Saturday May 14th, 1960
Would you believe it? David Murchison turned up not long after I got in from the vet’s. My poor old boy had certainly spent what he could on his angel puss, because the vet told me that she was already spayed. All I had to pay for were worming and yeast tablets, plus a couple of injections for feline fevers. Five bloody quid! So when David turned up on my doorstep, my mind was on my expensive cat and what a good lurk vets have.
When he saw Marceline curled up in my lap, David shuddered and made no attempt to come closer to me than the other side of the fireplace, where (on another meter, more pennies!) I had the gas fire going. Winter’s around the corner.
“Where did you get that?” he asked with a moue of distaste.
“From heaven, I suspect,” I answered. “I’m just back from the vet’s, and I can tell you that her name is Marceline, she’s spayed, and she’s about three years old.”
His only response was a
noise of revulsion, but he sat down opposite me in the other easy chair, stared at me out of the blue eyes I used to think so divine, and steepled his fingers.
“I hear you have a new girlfriend,” I said chattily.
His skin flushed, he looked annoyed. “No, I do not!” he said with a snap in his voice.

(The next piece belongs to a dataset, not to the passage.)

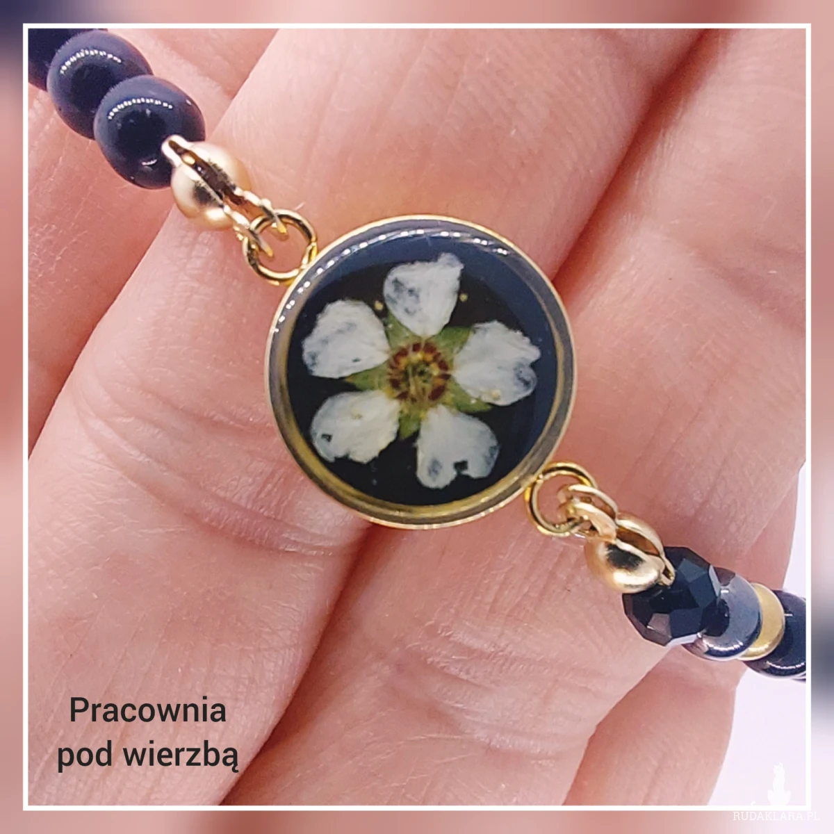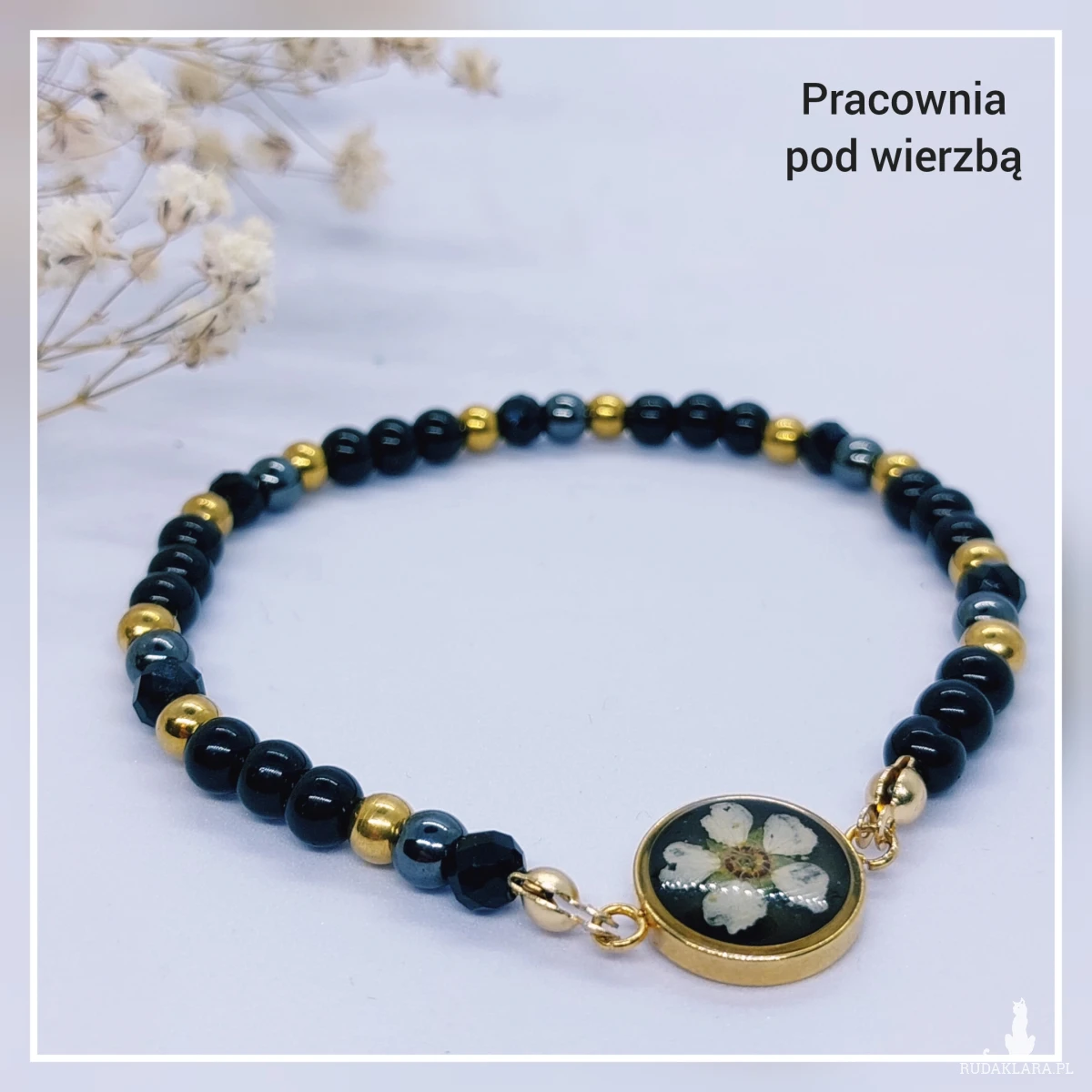 Stworzona ręcznie z kamieni naturalnych, na wygodnej gumce jubilerskiej, z elementami stali szlachetnej i oczkiem z kwiatem białej tawuły.

“Broke your mould, did she?”
“I am here,” he said stiffly, “to ask you to change your mind and come back to me. Rosemary was a rebound, that’s all.”
“David,” I said patiently, “you’re out of my life. I don’t want to see you, let alone go out with you.” “You’re cruel,” he muttered. “You’ve changed.”
“No, I haven’t changed, at least not where you’re concerned. But I am a different person. I’ve gained the courage to be direct and the hardness not to relent when people play on my sympathy. You may as well get your bum off my chair and piss off, because I don’t want you.”
“It isn’t fair!” he cried, hands unsteepled. “I love you! And I’m not going to take no for an answer.”
Right, Harriet Purcell, bring out the Big Bertha cannon. “I am not a virgin,”
I said.
“What?”
“You heard me. I am not a virgin.” “You’re joking! You’re fabricating!”
I laughed. “David, why can’t you believe the truth?” “Because you wouldn’t! You couldn’t!”
“I bloody could, and I bloody did. What’s more, I thoroughly enjoyed myself.” Fire the ten-ton shell, Harriet! “Added to that, he wasn’t precisely a white man, though he was a beautiful colour.”
David got up and left without another word.
“So,” I said to Toby later, “I’ve finally got rid of David for good, though I suspect it was more because my lover was an Indian than because I’ve had a lover.”
“No, a bit of both,” Toby said, grinning. “The silly clot! He ought to have seen the writing on the wall years ago. It’s women who choose their mates. If a man’s interested, he simply has to wait around with his cap in hand until she makes up her mind. And if she decides to give him the royal heave-ho, that’s too bad. I’ve seen it happen from dogs to dicky-birds. As for spiders”-he shuddered-“the ladies eat their mates.”